- **STORED DATA**
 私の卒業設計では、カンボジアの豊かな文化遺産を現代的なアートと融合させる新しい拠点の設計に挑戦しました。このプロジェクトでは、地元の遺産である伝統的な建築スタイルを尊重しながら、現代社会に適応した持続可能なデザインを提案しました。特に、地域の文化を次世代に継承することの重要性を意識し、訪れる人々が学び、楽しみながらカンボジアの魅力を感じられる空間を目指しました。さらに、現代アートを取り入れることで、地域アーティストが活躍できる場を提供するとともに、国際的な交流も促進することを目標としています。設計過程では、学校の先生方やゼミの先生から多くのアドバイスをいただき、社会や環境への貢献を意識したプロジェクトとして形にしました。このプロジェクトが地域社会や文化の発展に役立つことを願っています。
--
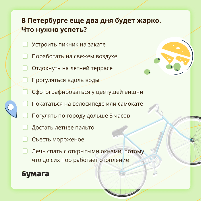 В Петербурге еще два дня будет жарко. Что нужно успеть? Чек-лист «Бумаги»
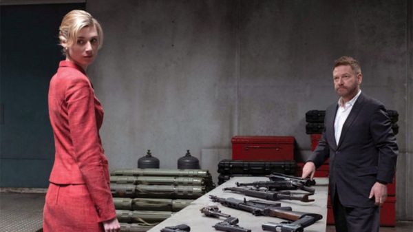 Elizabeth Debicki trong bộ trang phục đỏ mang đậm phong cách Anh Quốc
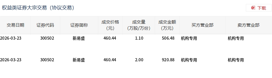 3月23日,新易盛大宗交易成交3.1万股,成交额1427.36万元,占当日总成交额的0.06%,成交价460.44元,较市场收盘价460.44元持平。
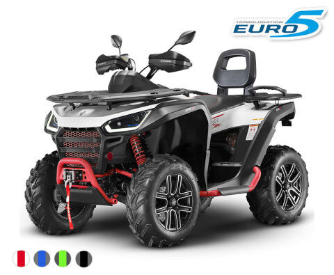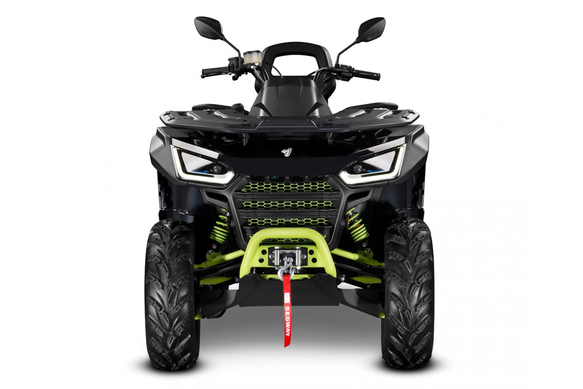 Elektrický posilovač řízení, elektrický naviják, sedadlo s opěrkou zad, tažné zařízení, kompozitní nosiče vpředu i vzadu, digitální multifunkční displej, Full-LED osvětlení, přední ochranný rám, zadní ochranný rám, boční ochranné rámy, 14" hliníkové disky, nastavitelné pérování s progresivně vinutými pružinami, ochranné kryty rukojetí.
--
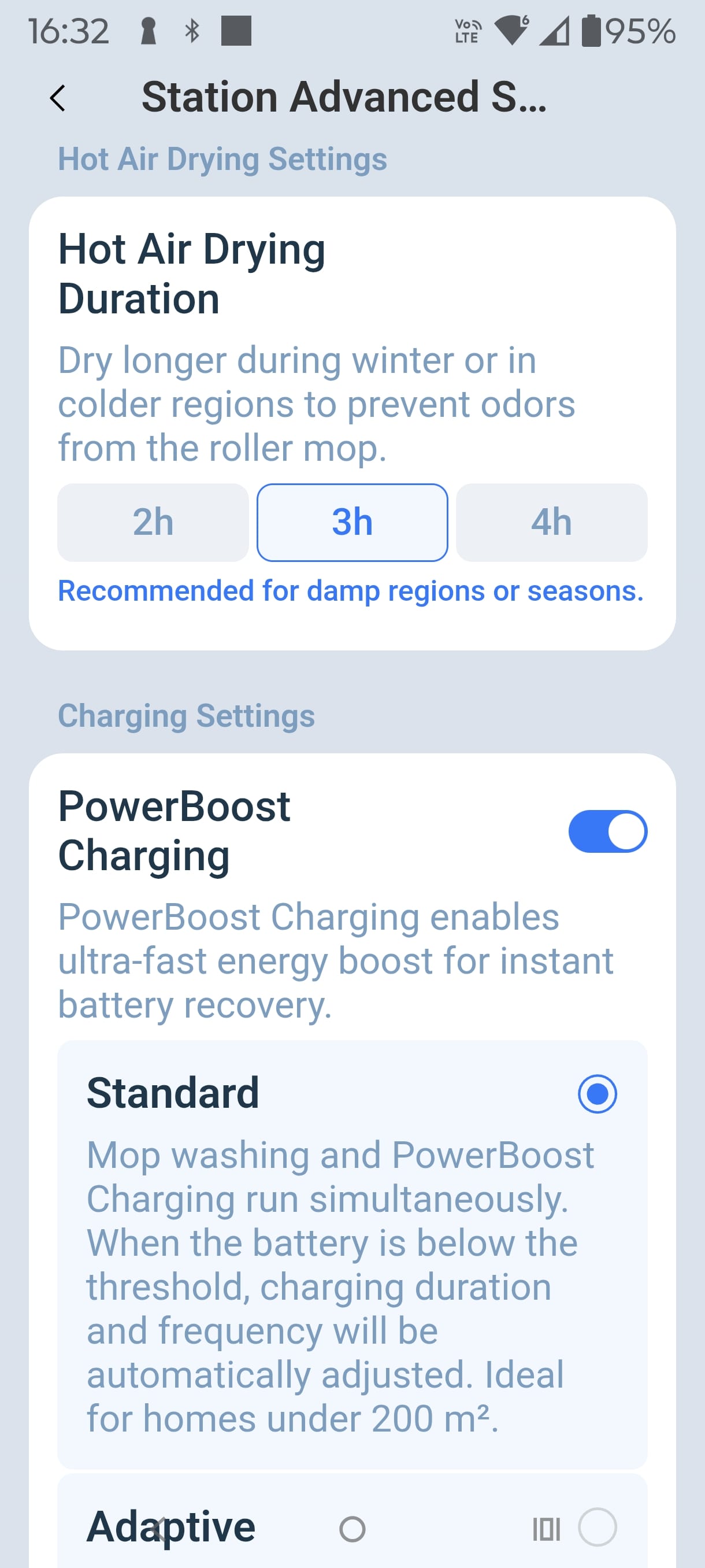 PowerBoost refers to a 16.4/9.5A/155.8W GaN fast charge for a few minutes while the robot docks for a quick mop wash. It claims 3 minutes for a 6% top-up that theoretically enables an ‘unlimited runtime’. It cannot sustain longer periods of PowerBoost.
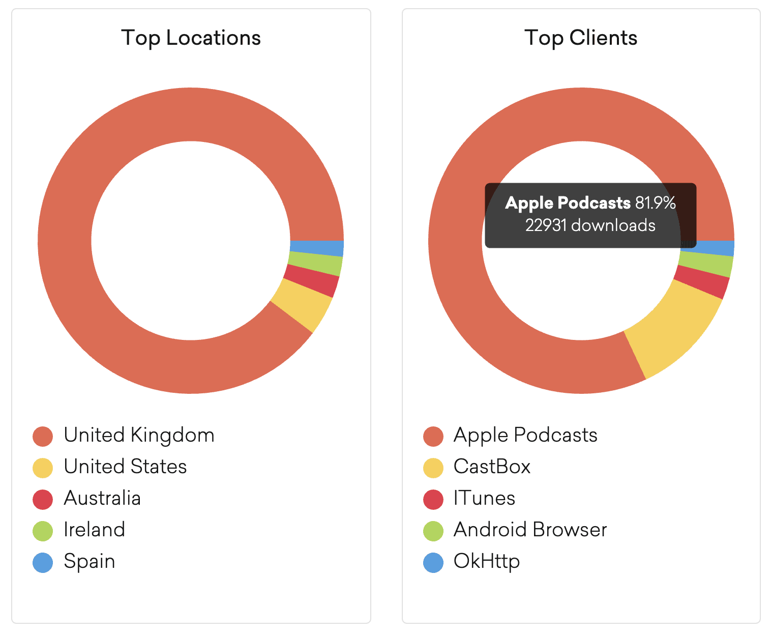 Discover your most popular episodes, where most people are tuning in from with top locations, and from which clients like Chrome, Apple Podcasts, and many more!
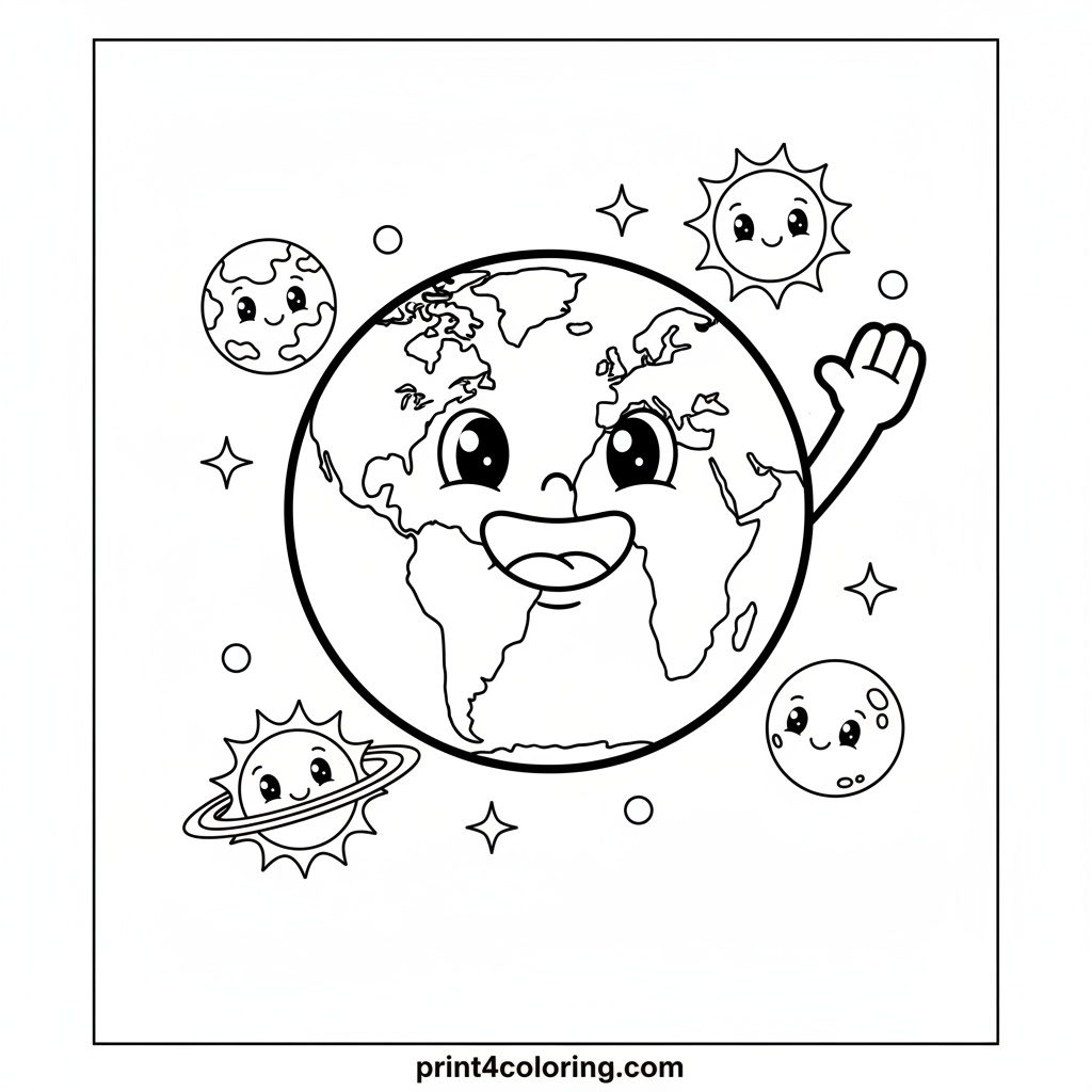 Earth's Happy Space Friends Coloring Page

- **TASK TO CARRY OUT**
Using the data above, output the line that has "Elizabeth Debicki trong", the line that has "Elektrický posilovač řízení, elektrický", and whatever lines fall between, each exactly as it stands and without pictures.

- **EXPECTED ANSWER**
 Elizabeth Debicki trong bộ trang phục đỏ mang đậm phong cách Anh Quốc
 3月23日,新易盛大宗交易成交3.1万股,成交额1427.36万元,占当日总成交额的0.06%,成交价460.44元,较市场收盘价460.44元持平。
 Elektrický posilovač řízení, elektrický naviják, sedadlo s opěrkou zad, tažné zařízení, kompozitní nosiče vpředu i vzadu, digitální multifunkční displej, Full-LED osvětlení, přední ochranný rám, zadní ochranný rám, boční ochranné rámy, 14" hliníkové disky, nastavitelné pérování s progresivně vinutými pružinami, ochranné kryty rukojetí.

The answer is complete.